[Data shown]
Start of Block

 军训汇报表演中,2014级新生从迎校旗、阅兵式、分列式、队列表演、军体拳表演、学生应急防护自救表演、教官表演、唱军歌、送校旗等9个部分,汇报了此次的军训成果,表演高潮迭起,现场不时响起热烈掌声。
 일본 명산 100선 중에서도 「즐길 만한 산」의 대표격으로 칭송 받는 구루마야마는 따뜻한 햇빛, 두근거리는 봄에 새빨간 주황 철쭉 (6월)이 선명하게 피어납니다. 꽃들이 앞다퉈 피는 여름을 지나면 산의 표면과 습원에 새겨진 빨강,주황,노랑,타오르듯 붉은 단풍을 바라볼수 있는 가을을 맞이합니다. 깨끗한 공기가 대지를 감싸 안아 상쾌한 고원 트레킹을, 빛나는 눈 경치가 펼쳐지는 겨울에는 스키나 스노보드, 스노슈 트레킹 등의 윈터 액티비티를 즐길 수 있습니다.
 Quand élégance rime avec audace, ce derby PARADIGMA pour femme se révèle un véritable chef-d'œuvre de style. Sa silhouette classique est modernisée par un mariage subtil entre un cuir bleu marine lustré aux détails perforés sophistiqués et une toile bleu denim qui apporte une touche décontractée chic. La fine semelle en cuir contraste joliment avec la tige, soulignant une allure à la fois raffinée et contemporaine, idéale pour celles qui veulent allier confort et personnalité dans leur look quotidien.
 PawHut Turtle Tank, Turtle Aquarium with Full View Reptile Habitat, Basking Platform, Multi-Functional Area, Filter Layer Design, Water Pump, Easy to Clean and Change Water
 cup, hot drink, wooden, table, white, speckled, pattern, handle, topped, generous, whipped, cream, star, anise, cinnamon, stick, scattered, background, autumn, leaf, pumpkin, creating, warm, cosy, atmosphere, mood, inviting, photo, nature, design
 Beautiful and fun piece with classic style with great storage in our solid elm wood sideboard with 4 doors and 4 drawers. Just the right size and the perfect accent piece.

End of Block
Start of Block

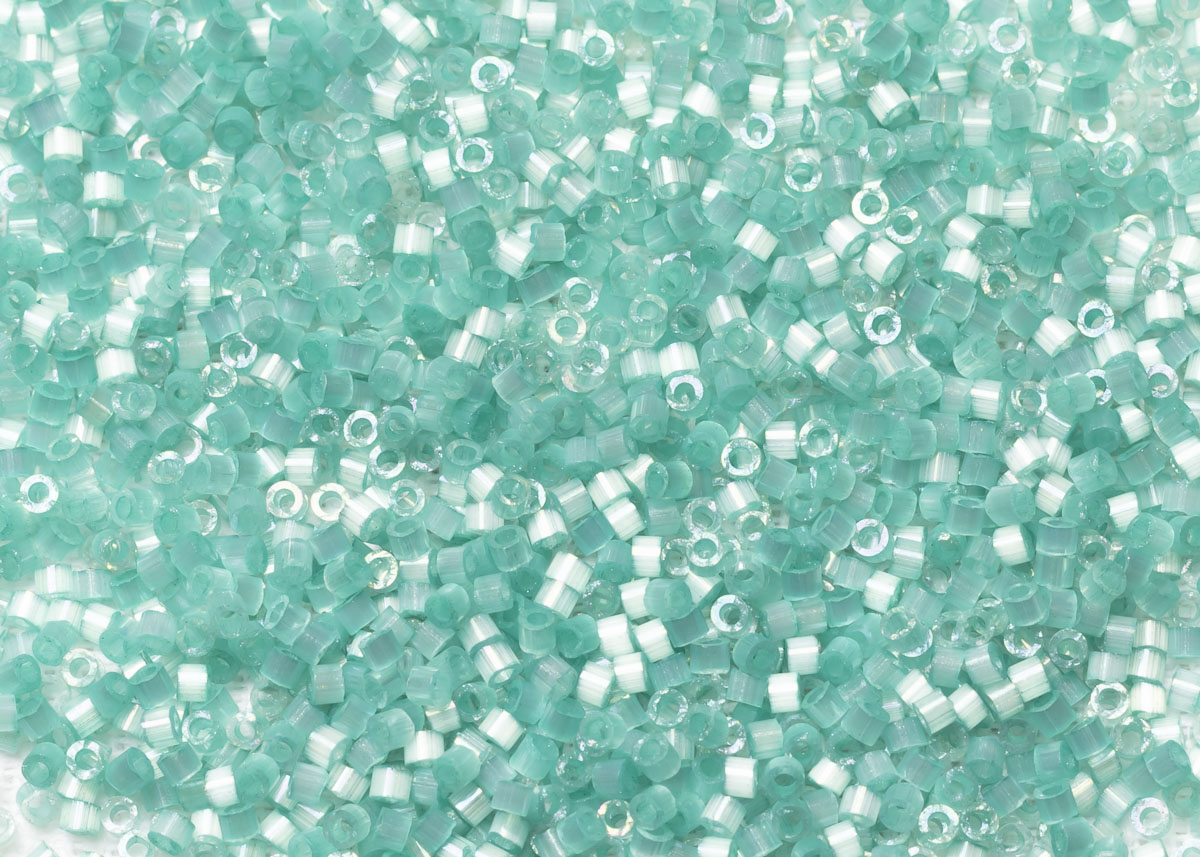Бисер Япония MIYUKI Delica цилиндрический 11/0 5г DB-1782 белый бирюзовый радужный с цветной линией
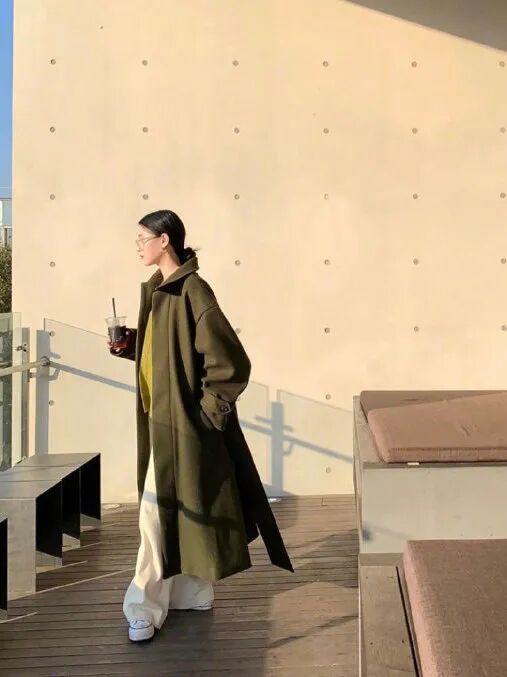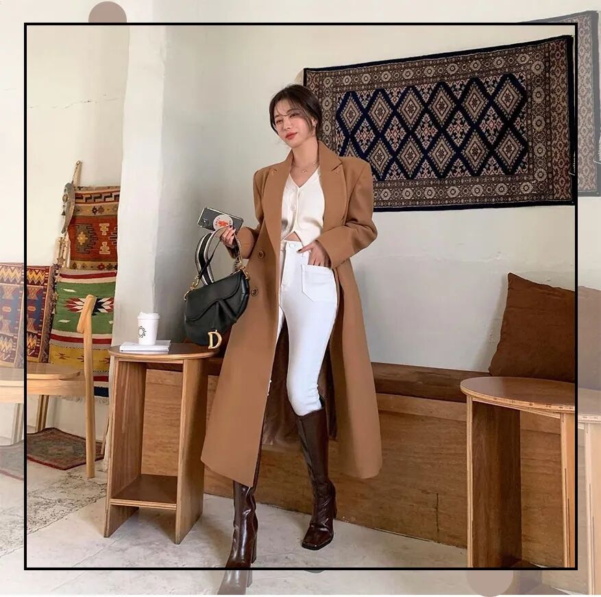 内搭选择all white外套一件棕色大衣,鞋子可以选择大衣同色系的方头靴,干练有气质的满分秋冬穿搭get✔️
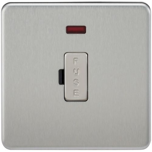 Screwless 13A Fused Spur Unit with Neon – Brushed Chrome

End of Block

[Work to complete] Look back at the data above, then output exactly the lines from the line holding "内搭选择all white外" up to and including the line holding "Screwless 13A Fused". Leave out the pictures.

[Solution below]
 内搭选择all white外套一件棕色大衣,鞋子可以选择大衣同色系的方头靴,干练有气质的满分秋冬穿搭get✔️
 Screwless 13A Fused Spur Unit with Neon – Brushed Chrome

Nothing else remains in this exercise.